The number of Americans filing for unemployment benefits unexpectedly rose last week, but remained below a level associated with a strong labor market.
Another report on Thursday showed announced job cuts by U.S.-based employers fell in March for a second straight month.
Labor market strength, however, has not been accompanied by robust wage growth, making it unlikely the Federal Reserve will raise interest rates soon. The U.S. central bank is also keeping a cautious eye on international developments.
Initial claims for state unemployment benefits increased 11,000 to a seasonally adjusted 276,000 for the week ended March26, the Labor Department said. The prior week's claims were unrevised. Economists polled by Reuters had forecast claims remaining unchanged at 265,000 in the latest week.
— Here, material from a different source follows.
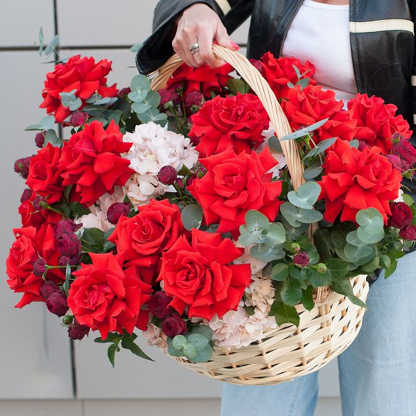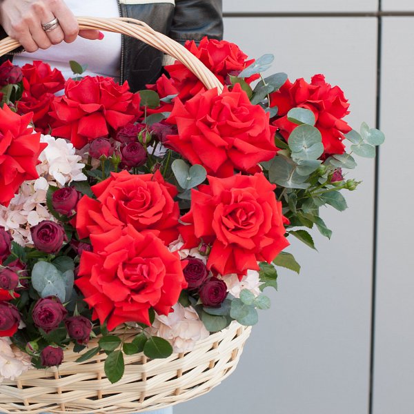 Букет состоит из роз, кустовых роз и гортензии, что придает ему неповторимый и яркий вид. Красные цветы символизируют любовь и страсть, а также выражают уважение и признательность.

Applications for unemployment benefits have now been below 300,000, a threshold associated with healthy labor market conditions, for 55 weeks, the longest stretch since 1973. With the labor market continuing to tighten, there is little scope for significant further declines in claims.
A Labor Department analyst said there were no special factors influencing last week's claims data and no states had been estimated.
The four-week moving average of claims, considered a better measure of labor market trends as it irons out week-to-week volatility, rose 3,500 to 263,250 last week.
U.S. Treasury prices edged up after the data, while the dollar extended losses. U.S. stock futures were largely unchanged. The claims data has no bearing on Friday's employment report for March, as it falls outside the survey period. Claims were generally low last month, suggesting that job growth remained solid.
According to a Reuters survey of economists, nonfarm payrolls probably increased by 205,000 this month after rising by 242,000 in February. The unemployment rate is forecast unchanged at an eight-year low of 4.9 percent.
In a separate report, global outplacement consultancy Challenger, Gray & Christmas said U.S.-based employers announced 48,207 jobs cuts this month, down 21.7 percent from February.
"Job cuts have slowed since surging in the first two months of the year," said John Challenger, chief executive officer of Challenger, Gray & Christmas.
Through the first quarter of 2016, employers announced 184,920 job cuts, up 31.8 percent from the fourth quarter of 2015, with the energy sector accounting for the bulk of the layoffs. There were also job losses in the retail and computer sectors.